Утром Олюк встала рано и, не разбудив Петра, не перекусив на дорогу, села на велосипед и покатила в свою родную деревню Шордур. Она не далеко и не близко — тринадцать километров ст Кораксолы. Дорога хорошая, хоть и не асфальтированная. За посевную и уборочную машины и комбайны так утрамбовали ее, что она превратилась в накатанный тракт. Тем более, что дождей уже давно не было, и палящее солнце иссушило землю.
Когда Олюк добралась до дому, мать еще даже на работе не была, сказала, что и отец лишь недавно ушел (отец Олюк комбайнер, ему и отдохнуть некогда: лишь на короткое время, к утренней росе, комбайн останавливает).

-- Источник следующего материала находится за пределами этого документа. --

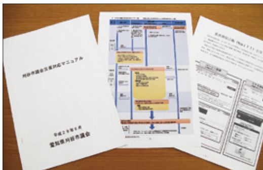
刈谷市議会災害対応マニュアル

○策定の目的 東日本大震災や熊本地震など、全国各地で自然災害による大きな被害が発生している中、本市においても南海トラフ巨大地震や大型台風などの発生が懸念されています。大規模災害発生時に議会が担う役割を明確にし、市と協力・連携して、災害対応に当たるために、本マニュアルを策定しました。
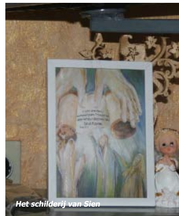
Het schilderij van Sien

“...ze getuigde van wat God in haar leven had gedaan...”
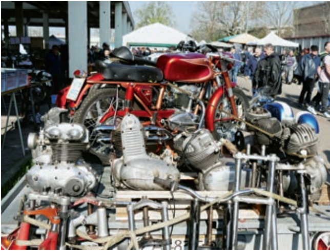
Teile, Motoren und ganze Motorräder, in Reggio Emilia wird alles angeboten.

entfernt, und dieser Mostra Scambio lockt mittlerweile mit mehr als 1.500 Händlern mehr als 30.000 Besucher an. Obwohl der Markt offiziell erst am Samstagmorgen um 8:00 Uhr seine Tore öffnet, kommen die ersten Händler und Käufer bereits am Donnerstag. So manches Motorrad wird da gleich vom Anhänger runter gekauft, und anscheinend kommt man auch schon am Freitag auf das Gelände, wie wir später hörten.

Братья и сестры еще спали, раскинувшись под одеялами.
Обняв мать и ласково поцеловав ее, Олюк сперва выплакалась, а потом стала рассказывать, как ей хорошо в новой семье живется, как Сидориха, мать Петра, ее жалеет, работой не загружает, не шпыняет понапрасну, утром рано не будит — одним словом, как к дочери родной относится.
Олюк вспоминает каждый день, прожитый в доме мужа, не забывает и смешные случаи.
— Ну и слава богу, что ты хорошо живешь, — говорит мать, концом платка вытирает слезы. И то сказать — пять месяцев они не виделись, эти пять месяцев, как пять лет.
Мать ставит самовар, Олюк убирается — застилает постель, разбирается с бельем: грязное замачивает, чистое приготавливает гладить.
Олюк делает все быстро, проворно, еще и песню свою любимую напевает. Песня эта была слышна в сенях, прозвенела в клети, перелетела в огород. Мать слушает, и с лица ее ни на минуту улыбка не сходит. Вдруг песня оборвалась. Мать прислушалась, встала, вышла к дочери.
Олюк стояла на коленях рядом с сундуком и с любопытством разглядывала свое узкое девичье платье. Потом встала, прикинула, рассмеялась. И вдруг замерла, голову подняла, будто увидела что-то, глубоко вздохнула.
Мать ничего не сказала, ничем не выдала своего присутствия.
Тем временем и самовар вскипел. Сели пить чай.
Чай горячий, губы обжигает, но Олюк не замечает этого: ее мучает один вопрос: «Сказать или нет? Вдруг рассердится? Может, потом?»
Собравшись, наконец, с духом, Олюк, глядя в сторону, начала:
— Мам, со мной что-то такое творится…
— Что такое? — мать отодвинула стакан, чуть не поперхнувшись горячим чаем.
— Внутри у меня, понимаешь… Кажется, я в положении…
— Что ты говоришь, дура?! — мать выпучила глаза, потом вдруг опомнилась: «А со мной-то разве не так все было? Пятого родила… А старшую уже и замуж успела выдать… Будто я не знаю… Всегда ведь так: одна ложишься в постель — нечего бояться, вдвоем с мужчиной — обязательно что-нибудь да случится».